If your water heater is in the basement or on the other side of the house from the kitchen or bathroom, you may have to wait for quite a while for hot water when you turn on the tap. This is more than just an inconvenience, it's a waste of potentially thousands of gallons of water per year, and water is an increasingly precious resource. A recirculating pump can solve this dilemma.
The function of a recirculating pump is to keep hot water moving through the pipes so that it's available at the faucet immediately. It uses about the same amount of energy as a bathroom exhaust fan, and some systems are so efficient that the energy expenditure is even less than that.
If you choose to install a recirculating pump, you'll have some up-front costs, but you can keep these low by choosing a system that employs your existing pipes. A more extravagant system requires installation of an extra hot water pipe to provide a return path for unused hot water, but you can also choose a system that uses the cold water for the return path. In this type of system, the only expenses are the pump. a few extra pipe fittings and the labor to install them.

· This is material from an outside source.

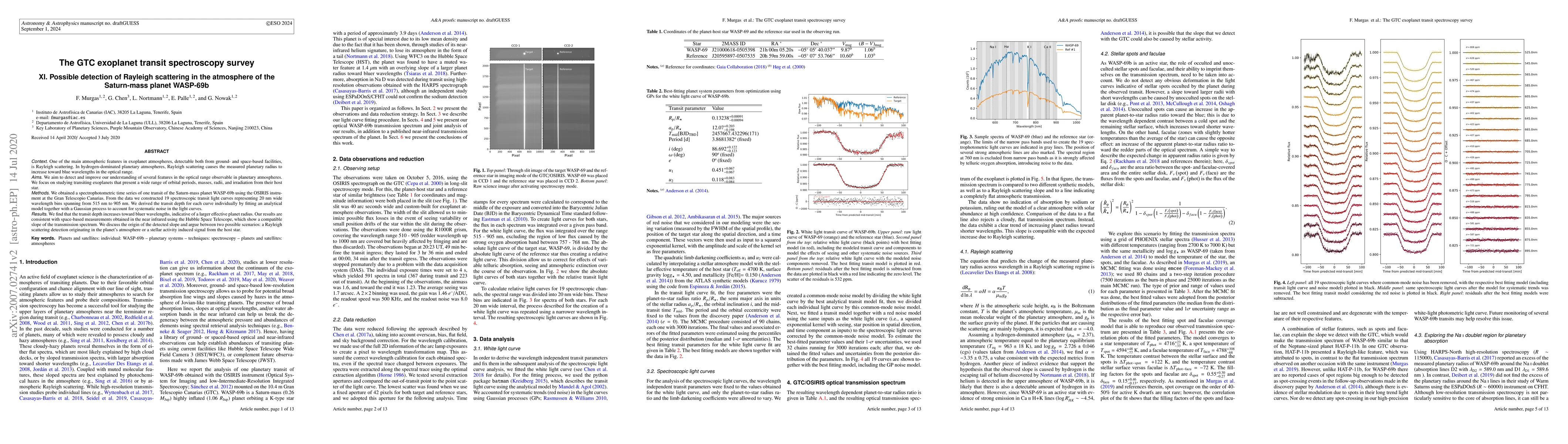 The research utilized spectrophotometric time series observations of WASP-69b's transit using the OSIRIS instrument at the Gran Telescopio Canarias, constructing 19 spectroscopic transit light curves across 20 nm wavelength bins from 515 nm to 905 nm.

Other important components of a recirculation system include:
- A check valve, which ensures the water flows in only one direction. This is a requirement for any water circulation system.
- A temperature sensor, or aquastat, to monitor the water temperature and shut off the pump when it's high enough. This is an energy-saving feature that not all systems have.
- A timer to allow you to program the pump to come on when at times of the day when you usually need it. This is another optional energy-saving feature.